Figure 4. The Effects of Chronic Fenobam Injection on Spontaneous Formalin Behavior

Mice that were administered either fenobam or vehicle for five days (A–C) prior to the formalin test demonstrated significantly decreased time spent licking or lifting the injected paw when administered fenobam (30 mg/kg) 5 min prior to intraplantar formalin injection as compared to mice treated with vehicle for five days and vehicle on the day of the experiment (2-Way ANOVA Main Effect of Treatment p < 0.0001; Bonferroni Post Test ** = p < 0.01 compared to 5 Day Veh / Veh). Both the first phase (b) and the second phase (c) were reduced (1-Way ANOVA Main Effect of Treatment p = 0.0097, p = 0.0069 respectively; Dunnett’s Post Test *, ** = p < 0.05, 0.01, respectively as compared to 5 Day Veh / Veh mice, n = 6 in Veh/Veh per group and n = 7 in Veh/Fen and Fen/Fen groups respectively). Mice that were administered either fenobam or vehicle for 14 days (D–F) prior to the formalin test demonstrated significantly decreased time spent licking or lifting the injected paw when administered fenobam (30 mg/kg) 5 min prior to intraplantar formalin injection as compared to mice treated with vehicle for 14 days and vehicle on the day of the experiment (2-Way ANOVA Main Effect of Treatment p < 0.0001; Bonferroni Post Test ** = p < 0.01 compared to 14 Day Veh/Veh). The second phase (F) was reduced in both groups compared to Veh / Veh mice (1-Way ANOVA Main Effect of Treatment p = 0.0154; Dunnett’s Post Test * = p < 0.05) as compared to 14 Day Veh / Veh mice. The first phase (e) was significantly reduced in vehicle / fenobam mice when compared to Veh / Veh mice (1-Way ANOVA Main Effect of Treatment p = 0.0258; Dunnett’s Post Test * = p < 0.05 as compared to 14 Day Veh / Veh mice). (n = 8 in the Veh/Veh and n = 11 in the Veh/Fen and Fen/Fen groups respectively). Fen = fenobam; sec = seconds; Veh = vehicle.

Figure 5. The Effects of Chronic Fenobam Injection on Serum Chemistries

No differences were found between mice injected daily with fenobam (30 mg/kg intraperitoneal) or vehicle in serum (A) cholesterol, (B) total bilirubin, (C) triglycerides, (D) creatinine, (E) total protein, (F) alanine-aminotransferase (ALT), (G) aspartate-aminotransferase (AST), (H) lactate dehydrogenase (LDH), (I) or amylase, (Unpaired t-test p > 0.05 vehicle compared to fenobam). (n = 13 for vehicle and 20 for fenobam).
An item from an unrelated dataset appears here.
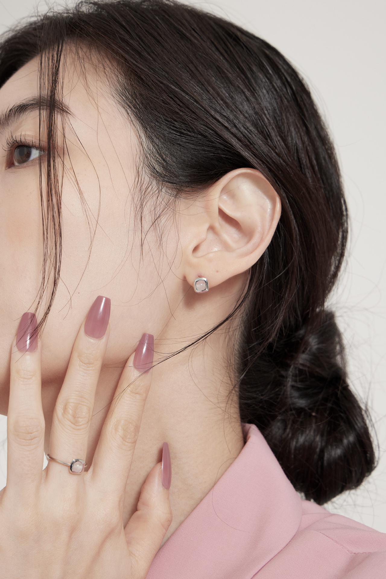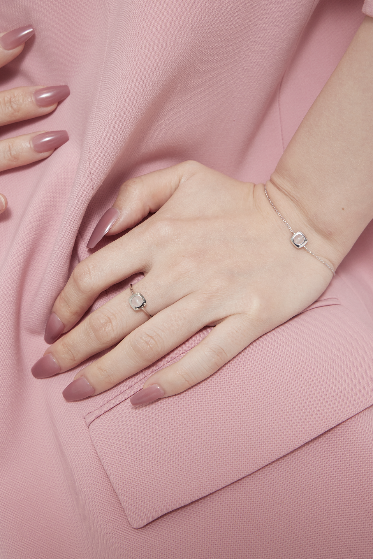 Material : Rose Quartz, 14K White Gold

L = liters; U = units.

Figure 6. The Effects of Chronic Fenobam Injection on Complete Blood Counts

No differences were found between mice injected daily with fenobam (30 mg/kg intraperitoneal) or vehicle in serum (A) white blood cell count (WBC), (B) erythrocyte cell count, (C) hemoglobin, (D) hematocrit, (E) mean corpuscular volume (MCV), (F) mean corpuscular hemoglobin (MCH), (G) mean corpuscular hemoglobin concentration (MCHC), or (H) platelets. (Unpaired t-test p > 0.05 vehicle compared to fenobam). (n = 6 for vehicle and 10 for fenobam). cu = cubic; K = thousand; M = million.

Figure 7. The Effects of mGlu5 Inhibition on Weight Gain and Post-fasting Food Intake. (A)

The percent change in weight of fenobam injected animals was significantly less than that of vehicle injected animals over a two week period (2-Way ANOVA Main Effect of fenobam *** = p < 0.0001). (A inset) The average starting weights of the animals in the two groups did not differ (unpaired t-test p > 0.05). (n = 13 for the vehicle and 16 for the fenobam group). (B) Fenobam (30 mg/kg) significantly decreased food intake following a 24-h fast as compared to vehicle (2-Way ANOVA Main Effect of Fenobam *** = p < 0.0001, Bonferroni Post Test *, *** = p < 0.05, 0.001). n = 6 per group. WT = wild type.